■ **Exercise aim**: From the entries below, write out exactly the lines between the line holding "Abgelenkt durch ein" and the line holding "Buitenlamp Louvre 051", inclusive, excluding any pictures.

■ **Data extract**:
────────────────────────────────────────
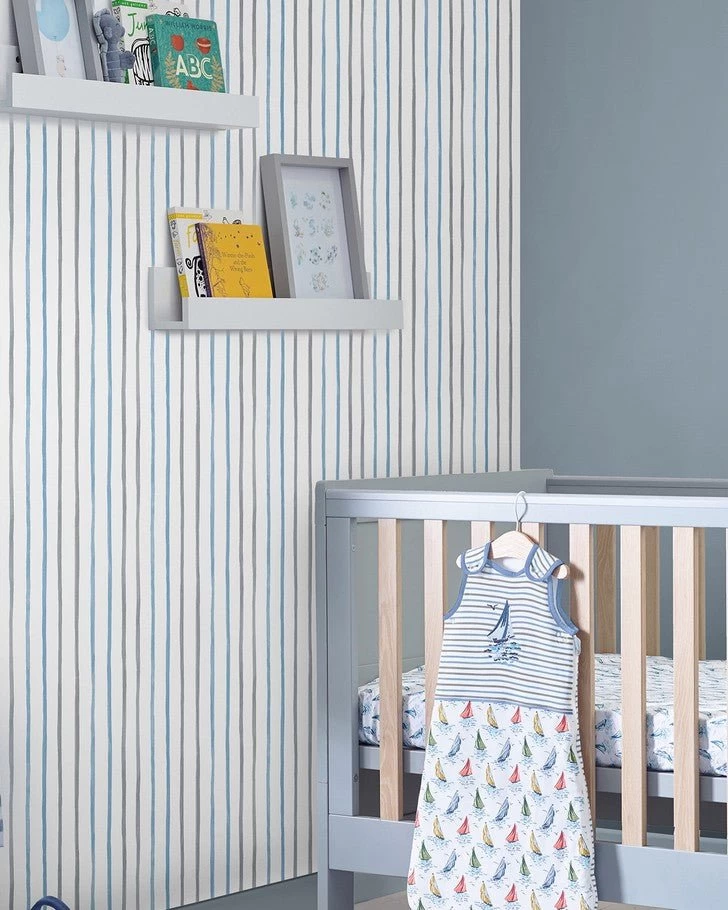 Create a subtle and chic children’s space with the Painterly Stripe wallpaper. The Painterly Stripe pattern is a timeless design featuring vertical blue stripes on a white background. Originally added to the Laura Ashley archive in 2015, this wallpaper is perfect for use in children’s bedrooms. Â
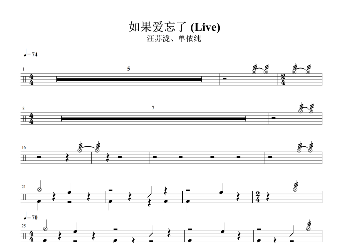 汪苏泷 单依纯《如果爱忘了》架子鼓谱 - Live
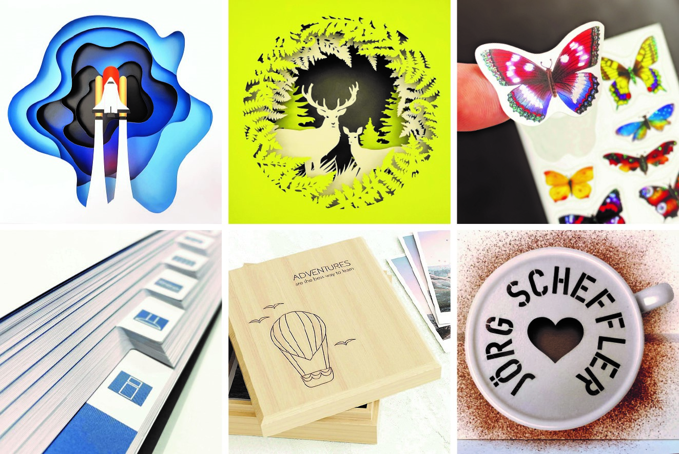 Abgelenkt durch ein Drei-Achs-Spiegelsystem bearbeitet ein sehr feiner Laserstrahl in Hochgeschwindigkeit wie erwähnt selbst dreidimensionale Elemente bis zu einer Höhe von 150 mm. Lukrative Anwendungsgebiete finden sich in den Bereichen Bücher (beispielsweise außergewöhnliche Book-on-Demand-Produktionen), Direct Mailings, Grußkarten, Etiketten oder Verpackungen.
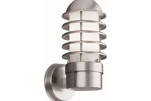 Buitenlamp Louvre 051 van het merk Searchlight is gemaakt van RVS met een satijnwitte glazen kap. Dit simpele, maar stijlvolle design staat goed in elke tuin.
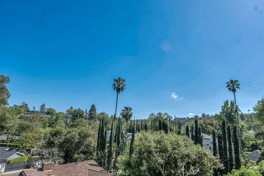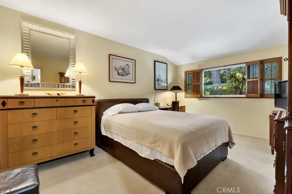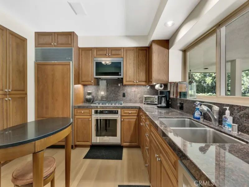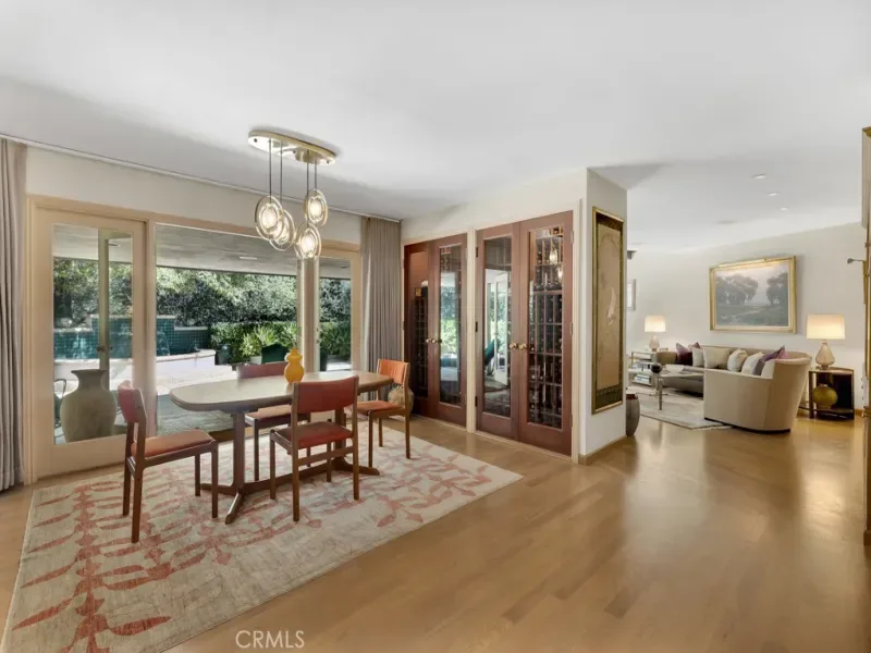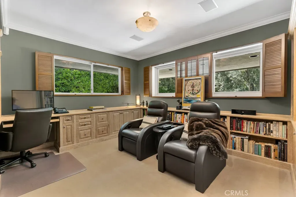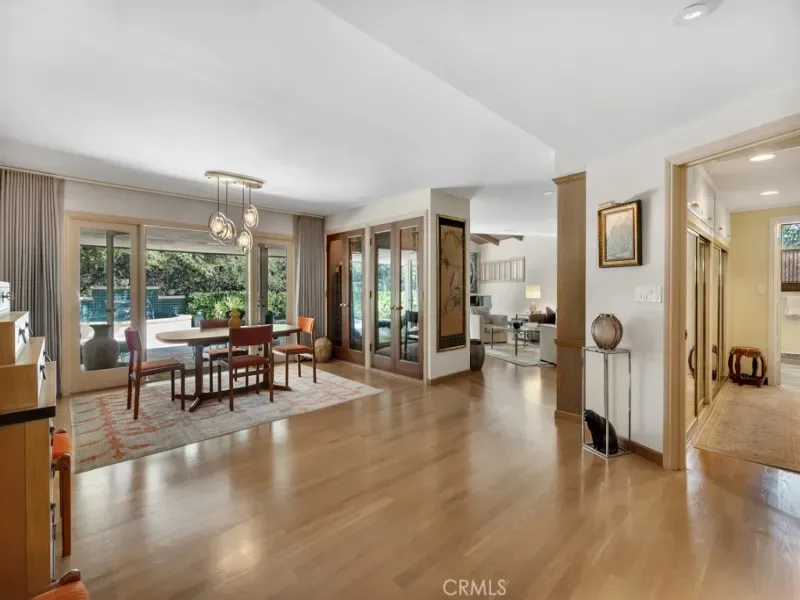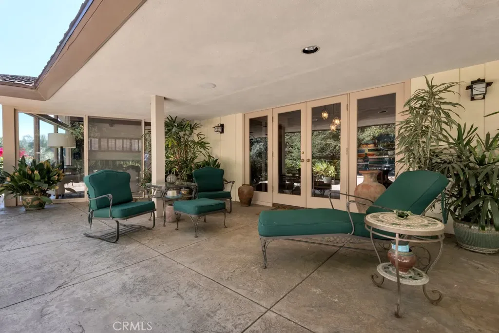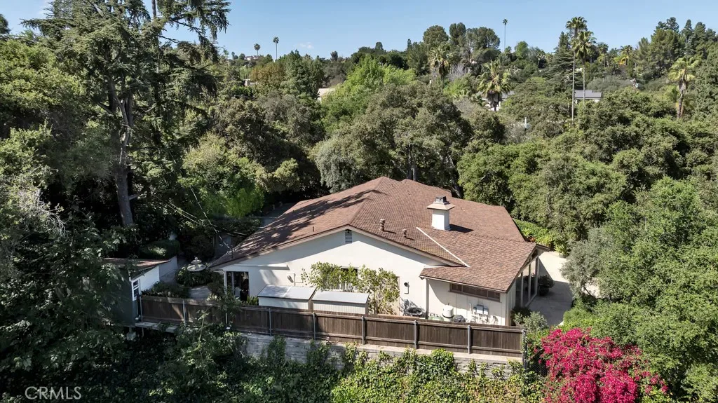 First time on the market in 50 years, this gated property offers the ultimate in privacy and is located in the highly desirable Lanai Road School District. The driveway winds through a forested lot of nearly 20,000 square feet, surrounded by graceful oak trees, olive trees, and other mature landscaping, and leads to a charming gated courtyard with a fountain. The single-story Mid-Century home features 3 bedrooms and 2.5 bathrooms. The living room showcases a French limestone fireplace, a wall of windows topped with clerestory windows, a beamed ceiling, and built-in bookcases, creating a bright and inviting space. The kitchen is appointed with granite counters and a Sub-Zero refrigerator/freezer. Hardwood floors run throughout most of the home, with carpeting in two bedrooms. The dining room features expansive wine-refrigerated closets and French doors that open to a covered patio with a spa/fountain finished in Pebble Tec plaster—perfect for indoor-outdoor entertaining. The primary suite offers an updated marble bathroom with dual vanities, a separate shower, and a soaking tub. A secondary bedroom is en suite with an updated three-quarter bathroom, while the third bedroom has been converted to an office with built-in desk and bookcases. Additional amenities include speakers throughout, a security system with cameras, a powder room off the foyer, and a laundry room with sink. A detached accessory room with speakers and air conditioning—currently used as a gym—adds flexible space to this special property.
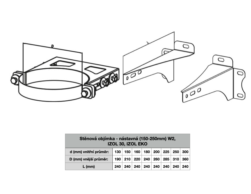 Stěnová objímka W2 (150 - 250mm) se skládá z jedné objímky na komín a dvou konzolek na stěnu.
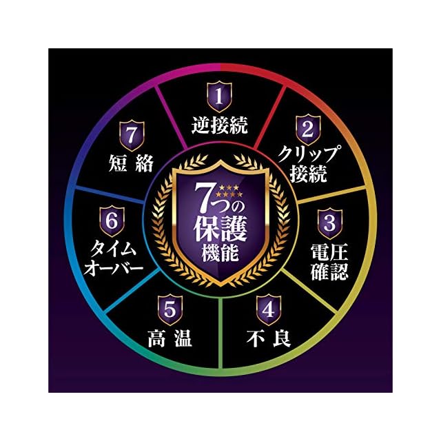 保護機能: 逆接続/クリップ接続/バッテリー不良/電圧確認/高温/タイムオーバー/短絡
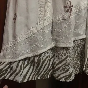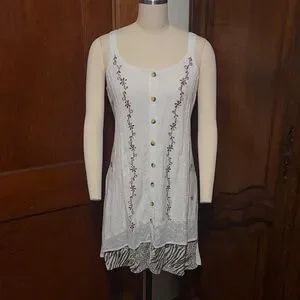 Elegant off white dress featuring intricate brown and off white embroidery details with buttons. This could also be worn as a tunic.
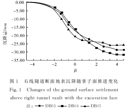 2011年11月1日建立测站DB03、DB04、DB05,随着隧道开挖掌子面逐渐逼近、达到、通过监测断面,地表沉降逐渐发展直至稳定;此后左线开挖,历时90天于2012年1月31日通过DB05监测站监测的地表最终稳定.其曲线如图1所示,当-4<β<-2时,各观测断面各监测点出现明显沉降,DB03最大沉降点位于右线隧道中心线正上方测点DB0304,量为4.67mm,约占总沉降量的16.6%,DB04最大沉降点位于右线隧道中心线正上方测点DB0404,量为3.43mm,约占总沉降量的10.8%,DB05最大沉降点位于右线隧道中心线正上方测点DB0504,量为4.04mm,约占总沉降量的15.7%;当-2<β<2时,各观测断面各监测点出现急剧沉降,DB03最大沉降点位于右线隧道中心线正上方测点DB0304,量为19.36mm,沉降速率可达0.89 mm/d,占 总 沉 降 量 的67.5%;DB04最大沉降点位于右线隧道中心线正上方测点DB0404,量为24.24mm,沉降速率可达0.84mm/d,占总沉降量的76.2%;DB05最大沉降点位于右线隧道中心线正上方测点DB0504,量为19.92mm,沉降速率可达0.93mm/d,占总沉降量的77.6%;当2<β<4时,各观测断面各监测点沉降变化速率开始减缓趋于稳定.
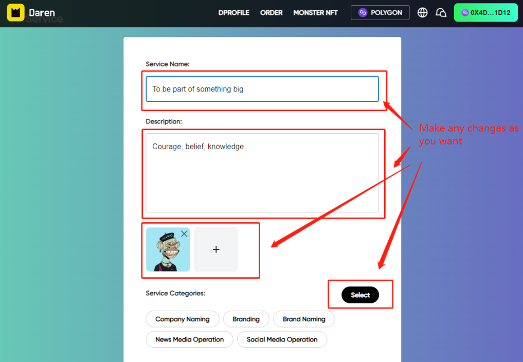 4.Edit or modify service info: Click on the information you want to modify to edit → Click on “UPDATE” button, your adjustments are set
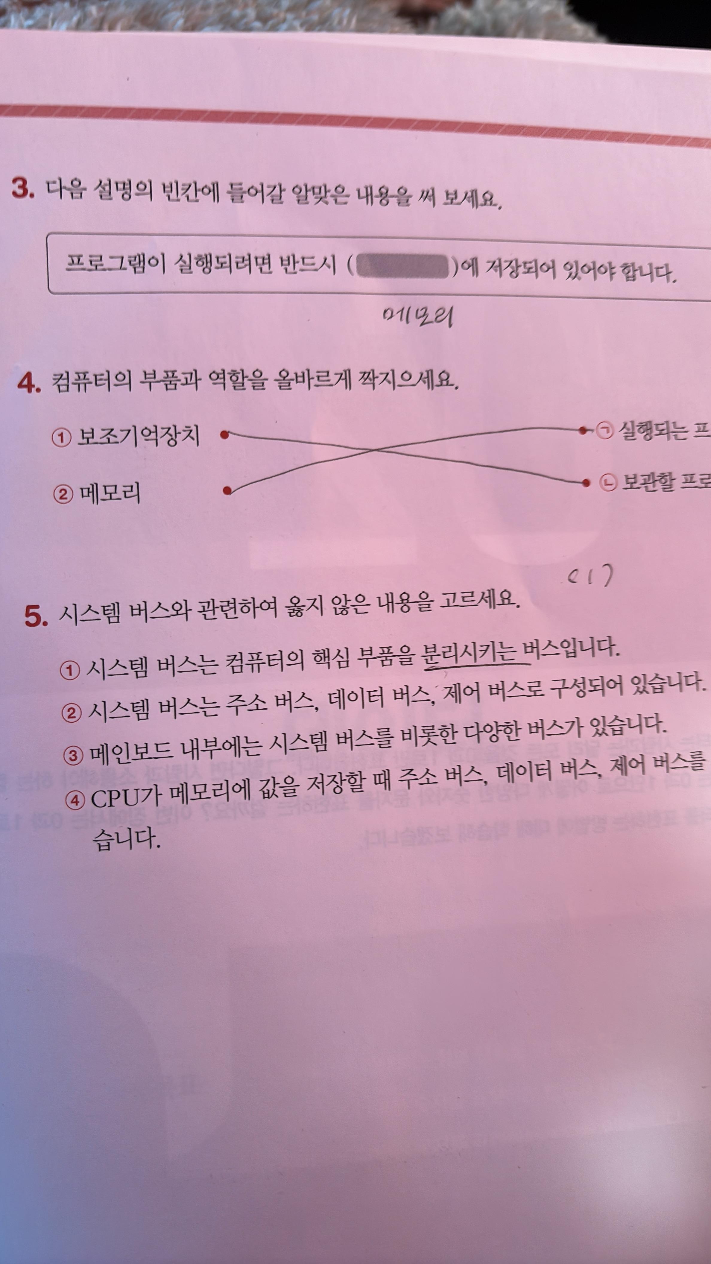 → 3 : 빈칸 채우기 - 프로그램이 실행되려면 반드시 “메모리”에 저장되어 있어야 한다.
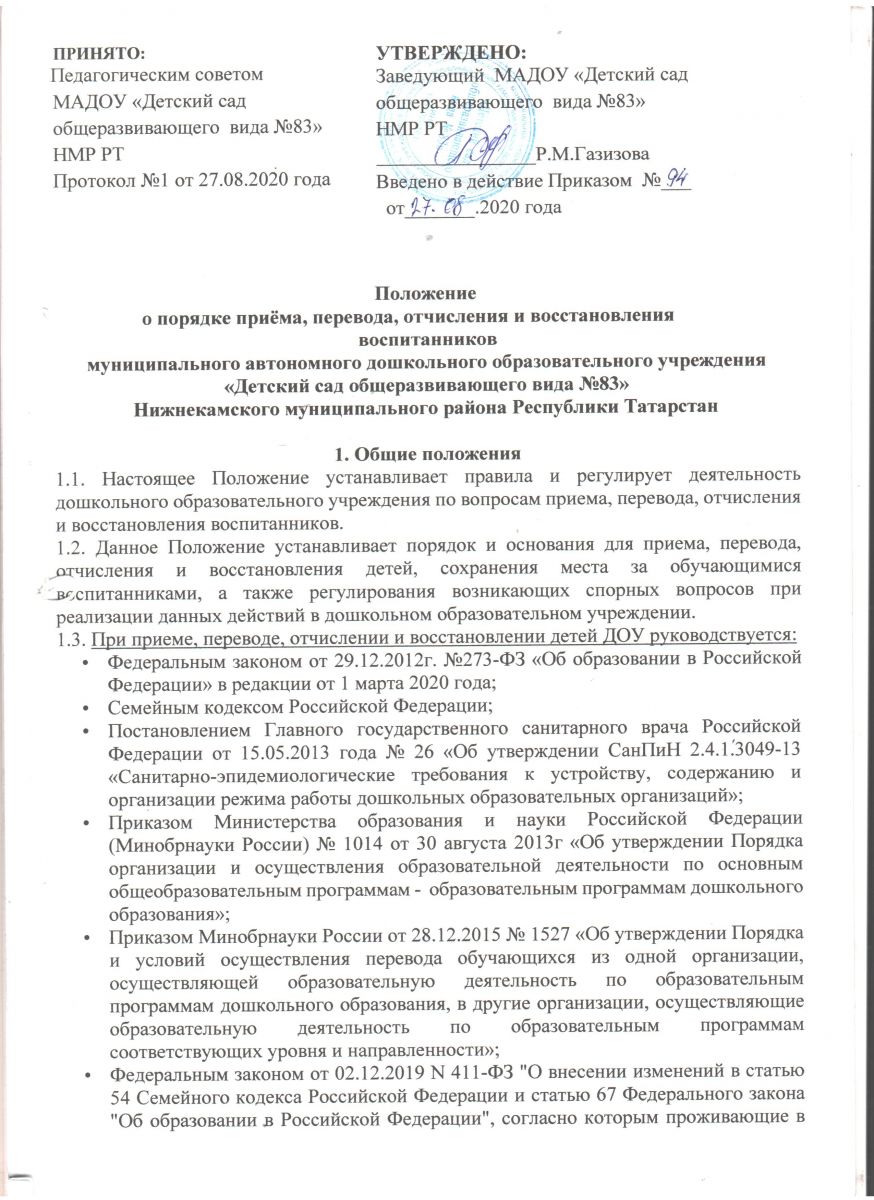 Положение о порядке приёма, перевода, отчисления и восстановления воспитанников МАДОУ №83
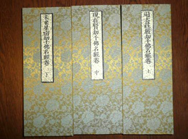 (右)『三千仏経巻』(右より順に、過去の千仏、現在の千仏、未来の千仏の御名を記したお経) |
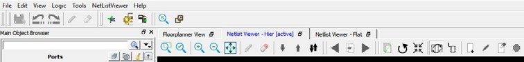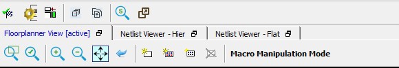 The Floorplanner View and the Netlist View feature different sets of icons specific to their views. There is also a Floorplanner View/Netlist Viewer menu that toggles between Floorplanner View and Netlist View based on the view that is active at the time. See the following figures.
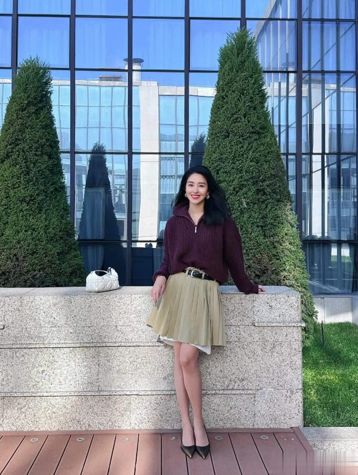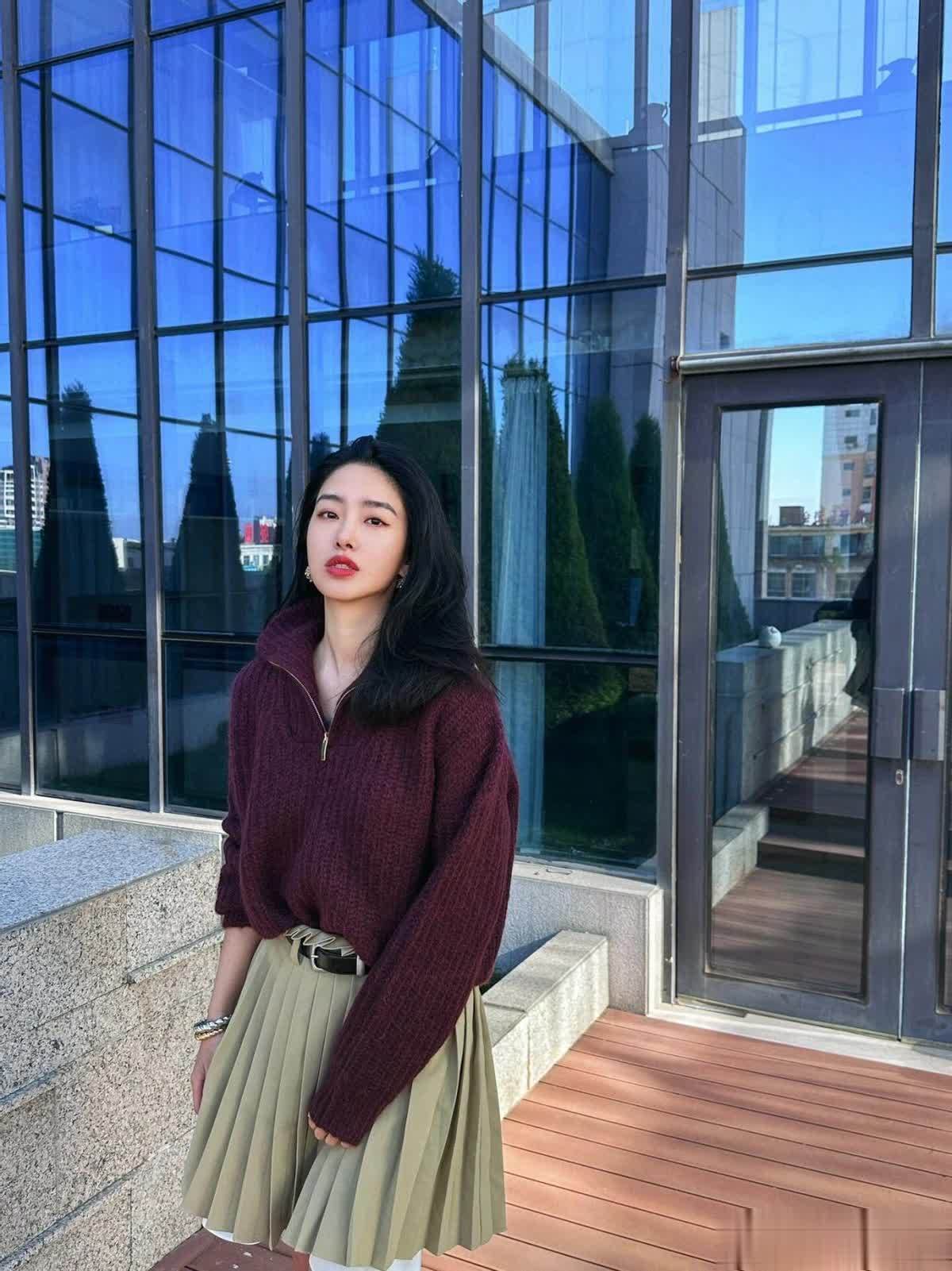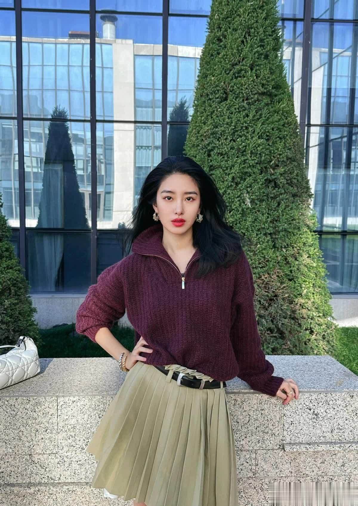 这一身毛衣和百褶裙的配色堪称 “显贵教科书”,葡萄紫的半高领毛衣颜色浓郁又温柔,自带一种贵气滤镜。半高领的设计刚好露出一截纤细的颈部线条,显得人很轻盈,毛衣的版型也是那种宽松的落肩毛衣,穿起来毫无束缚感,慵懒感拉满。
────────────────────────────────────────
■ **Response to this task**:
 Abgelenkt durch ein Drei-Achs-Spiegelsystem bearbeitet ein sehr feiner Laserstrahl in Hochgeschwindigkeit wie erwähnt selbst dreidimensionale Elemente bis zu einer Höhe von 150 mm. Lukrative Anwendungsgebiete finden sich in den Bereichen Bücher (beispielsweise außergewöhnliche Book-on-Demand-Produktionen), Direct Mailings, Grußkarten, Etiketten oder Verpackungen.
 Buitenlamp Louvre 051 van het merk Searchlight is gemaakt van RVS met een satijnwitte glazen kap. Dit simpele, maar stijlvolle design staat goed in elke tuin.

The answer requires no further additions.